One should always consider seamless production when it comes to build-up and material features so that the prototypes delivered will function in coming volume production. In this stage all engineering questions (EQs) are addressed to assure the design and prototype are optimal for volume production.

Capabilities should also be tested at any factory used. The reason is simple: If you look at each factory´s website, they offer a broad capability. Each technology within a factory needs to be qualified within a capacity range.

Let’s use microvia as an example. Most factories have laser drills for drilling the holes, but this is not enough to produce high-quality microvia. Demands need to be put on the plating processes that will fill the holes with copper, which is the most crucial step. Furthermore, it is important with correctly operated cleaning rooms and layer stack processes.

PCBs are designed, manufactured and built into a PCBA according to IPC standards. There are however a variety of limitations in IPC. Underlying specifications should be put in place as well which will fill these limitations. One example is the surface treatment lead-free HAL. According to IPC, it shall be covering and solderable. This is not good enough as it can generate problems in the supply chain. By 60 µm, thickness problems might arise in the SMD process with paste print; on the other hand, “covering” is a rather weak statement. Our specification demands 1–40 µm because we know by experience that it will enable 12 months solderability and a good process window.

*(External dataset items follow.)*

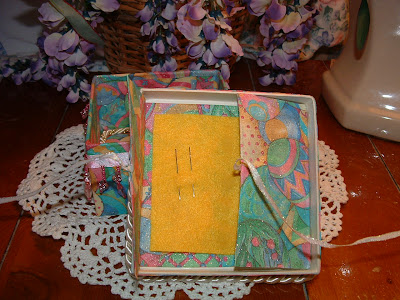 Приклейте нашу заготовку из картона к днищу крышки коробки, потом приклейте дополнительный кусок войлока для булавок и игл, внутрь крышки. Окончательно крышка должна выглядеть так: (ленты завязываем бантиком и наши иголки защищены крышкой)
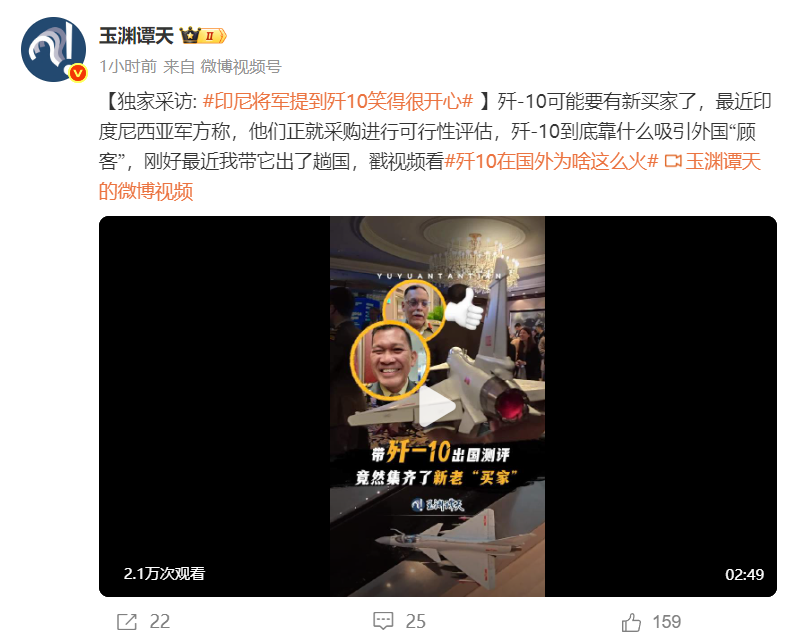 提到歼-10,印尼将军笑得很开心
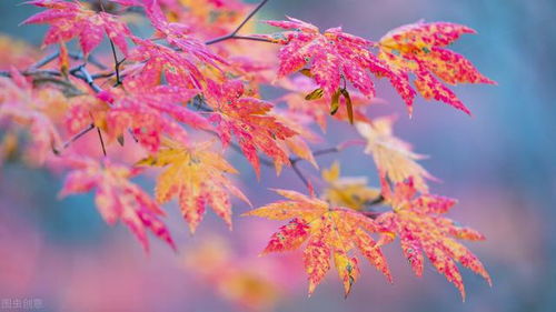1.秋天,枫叶从远处看就像一团跳动的火焰,近距离看就像金色的蝴蝶在树上翩翩起舞。

When designing and producing any PCB, a variety of factors need to be considered to get from the initial design to volume production. But with a high-tech PCB these factors are even more crucial. Complex designs will always increase both the cost and concerns for quality on a PCB and are not as easily able to be transitioned to volume production. This needs to be considered during the initial concept of an idea, and I always recommend involving your supplier as early as possible in the design phase.

Ruben Contreras is a program manager and field application engineer at NCAB Group.